But if the content length is really not known beforehand, then you can make use of chunked streaming mode by setting the HttpURLConnection#setChunkedStreamingMode() accordingly. This will set the HTTP Transfer-Encoding header to chunked which will force the request body being sent in chunks. The below example will send the body in chunks of 1 KB.

httpConnection.setChunkedStreamingMode(1024);

User-Agent

It can happen that a request returns an unexpected response, while it works fine with a real web browser. The server side is probably blocking requests based on the User-Agent request header. The URLConnection will by default set it to Java/1.6.0_19 where the last part is obviously the JRE version. You can override this as follows:

connection.setRequestProperty("User-Agent", "Mozilla/5.0 (Windows NT 6.1) AppleWebKit/537.36 (KHTML, like Gecko) Chrome/41.0.2228.0 Safari/537.36"); // Do as if you're using Chrome 41 on Windows 7.

Use the User-Agent string from a recent browser.


Error handling

If the HTTP response code is 4nn (Client Error) or 5nn (Server Error), then you may want to read the HttpURLConnection#getErrorStream() to see if the server has sent any useful error information.
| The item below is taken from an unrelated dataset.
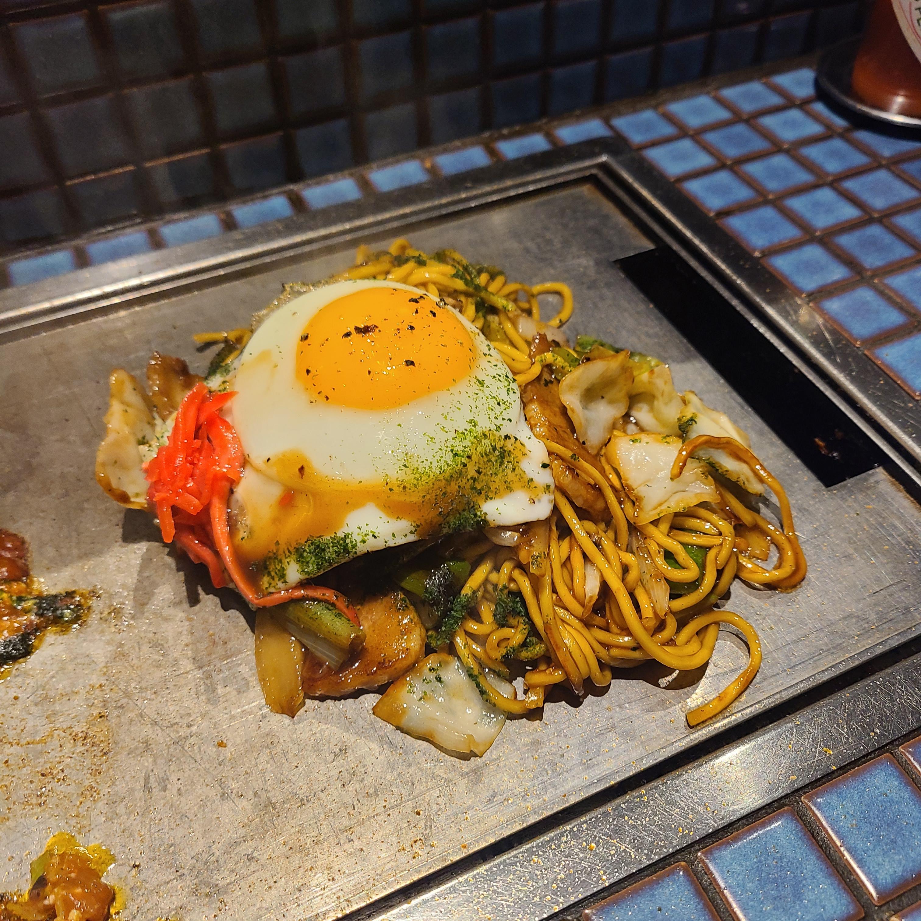 새우가 들어간 오꼬노미야끼와 돼지고기볶음면을 주문했다

InputStream error = ((HttpURLConnection) connection).getErrorStream();

If the HTTP response code is -1, then something went wrong with connection and response handling. The HttpURLConnection implementation is in older JREs somewhat buggy with keeping connections alive. You may want to turn it off by setting the http.keepAlive system property to false. You can do this programmatically in the beginning of your application by:

System.setProperty("http.keepAlive", "false");

Uploading files

You'd normally use multipart/form-data encoding for mixed POST content (binary and character data). The encoding is in more detail described in RFC2388.

String param = "value";
File textFile = new File("/path/to/file.txt");
File binaryFile = new File("/path/to/file.bin");
String boundary = Long.toHexString(System.currentTimeMillis()); // Just generate some unique random value.
String CRLF = "\r\n"; // Line separator required by multipart/form-data.
URLConnection connection = new URL(url).openConnection();
connection.setDoOutput(true);
connection.setRequestProperty("Content-Type", "multipart/form-data; boundary=" + boundary);

try (
    OutputStream output = connection.getOutputStream();
    PrintWriter writer = new PrintWriter(new OutputStreamWriter(output, charset), true);
) {
    // Send normal param.
    writer.append("--" + boundary).append(CRLF);
    writer.append("Content-Disposition: form-data; name=\"param\"").append(CRLF);
    writer.append("Content-Type: text/plain; charset=" + charset).append(CRLF);
    writer.append(CRLF).append(param).append(CRLF).flush();

    // Send text file.
    writer.append("--" + boundary).append(CRLF);
    writer.append("Content-Disposition: form-data; name=\"textFile\"; filename=\"" + textFile.getName() + "\"").append(CRLF);
    writer.append("Content-Type: text/plain; charset=" + charset).append(CRLF); // Text file itself must be saved in this charset!
    writer.append(CRLF).flush();
    Files.copy(textFile.toPath(), output);
    output.flush(); // Important before continuing with writer!
    writer.append(CRLF).flush(); // CRLF is important! It indicates end of boundary.

    // Send binary file.
    writer.append("--" + boundary).append(CRLF);
    writer.append("Content-Disposition: form-data; name=\"binaryFile\"; filename=\"" + binaryFile.getName() + "\"").append(CRLF);
    writer.append("Content-Type: " + URLConnection.guessContentTypeFromName(binaryFile.getName())).append(CRLF);
    writer.append("Content-Transfer-Encoding: binary").append(CRLF);
    writer.append(CRLF).flush();
    Files.copy(binaryFile.toPath(), output);
    output.flush(); // Important before continuing with writer!
    writer.append(CRLF).flush(); // CRLF is important! It indicates end of boundary.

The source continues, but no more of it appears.